For the French director of the spot, Antoine Bardou-Jacquet, the most important criterion was "That we only use specifically Accord car pieces and that nothing should be faked in post-production." Why use real parts? Why not animate them or use CG techniques? "Because," says Jonathan Campbell, Honda account director at W+K, "the point that we're making is about the engineering of the car. By filming it all in-camera and using actual Accord car parts, the ad says 'this is how much attention to detail goes in to our cars.'"
So for five months, in a studio in Paris, Bardou-Jacquet and a team including an art director, a sculptor and a photographer as well as a special effects supervisor and a graphic artist, worked on pre-production, testing and re-testing different car parts in different sequences. And this was all done at a time before the car had even gone into production.
Creative director Tony Davidson explains how this problem was solved: "We got a specially built pre-production car from Honda which we totally stripped," he says. "Honda wanted us to include certain car features, such as a door with the wing-mirror indicator and also the rain sensitive windscreen that triggers the wipers." (It was whilst looking at these things that the French team discovered that the windscreen wipers actually "walked" when not attached to the windscreen.)

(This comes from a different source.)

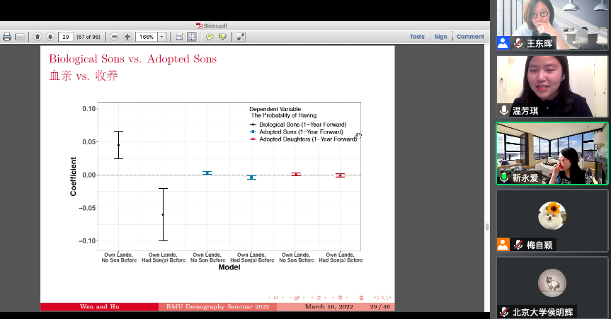 在温芳琪老师的分享结束后,聆听讲座的师生围绕主题踊跃发言和积极交流,就“寻找宏观的外生冲击”、“男孩偏好如何排除儿女双全观念的影响”、“性别偏好如何识别政策约束的效应”、“住房私有化是否为掌握生产资料赋予新意”等问题展开讨论。温芳琪老师对此一一回应,并结合研究中未呈现的稳健性检验结果作出细致而严谨的解释。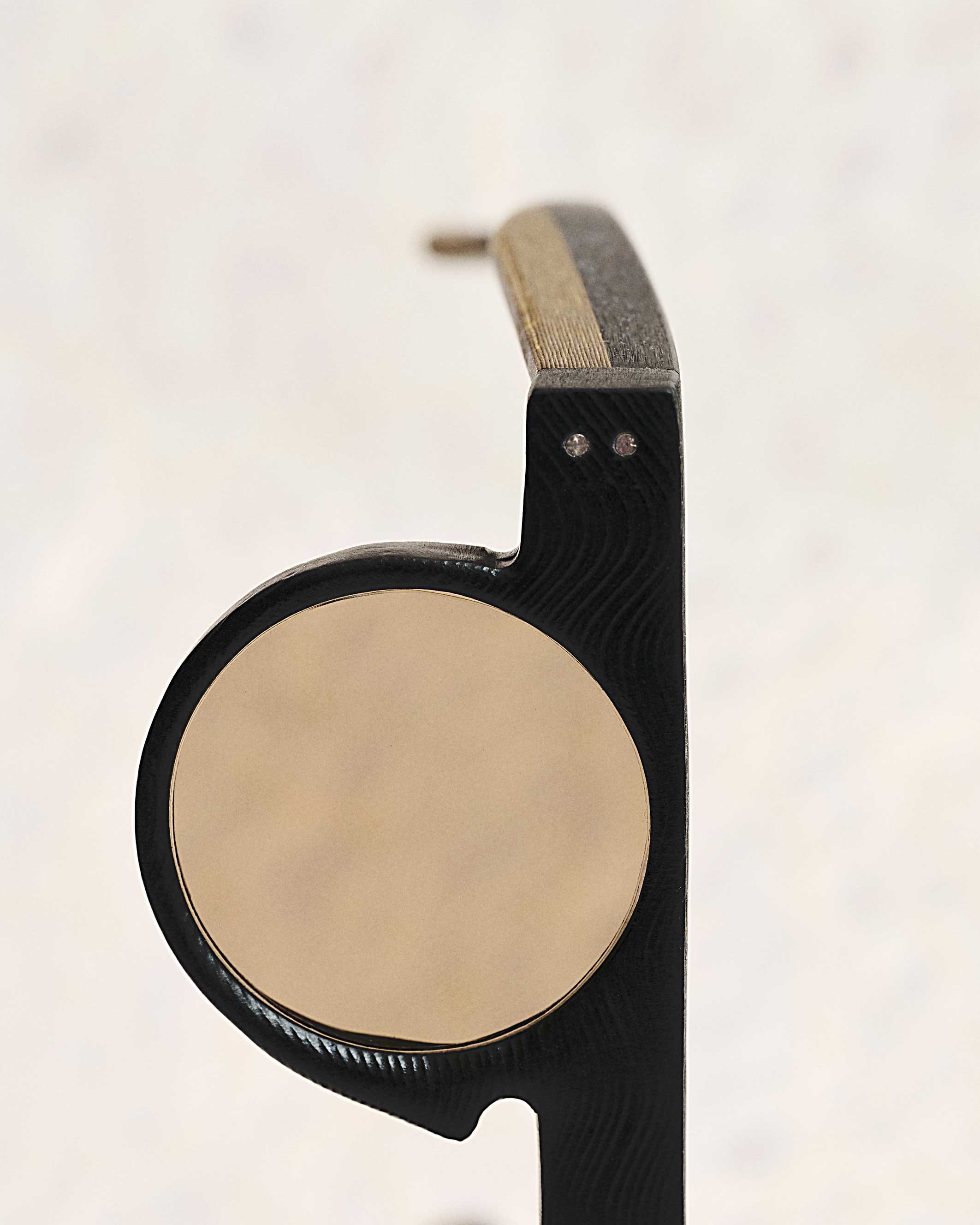 The front is constructed as a rigid structure, then brought to its final form through hand sanding. Rivets secure the assembly. The temple insert slides into place and is locked with a micro screw.

So was five months of experimenting and testing enough time to ensure that the entire sequence be shot in one perfect take? "Essentially, yes," says Gooden, although he admits that the size of the studio meant that the sequence was filmed in two sections. A vital cog in the making of this ad was the on-set presence of Flame operator, Barnsley from The Mill. He was able to advise straight away on details such as the lighting on the fine spray of water that lands on a windscreen, triggering the walking wipers, so that he didn't have to recreate the water spray in post-production.
Besides being responsible for joining the two halves of the sequence together, Barnsley mainly attended to fine details: "The kind of thing I was doing was slowing an object down here and there if it had clumsily clanked into the next object on the take that we went with basically smoothing out the rhythm of the sequence." There was also some highlighting work to be done to make clear the source of energy or passing on of movement: "At one point a pneumatic pump works to release something," Barnsley continues, "but the movement of the pump in-camera was so slight that I enlarged it to make it easier to see how everything is working in the sequence."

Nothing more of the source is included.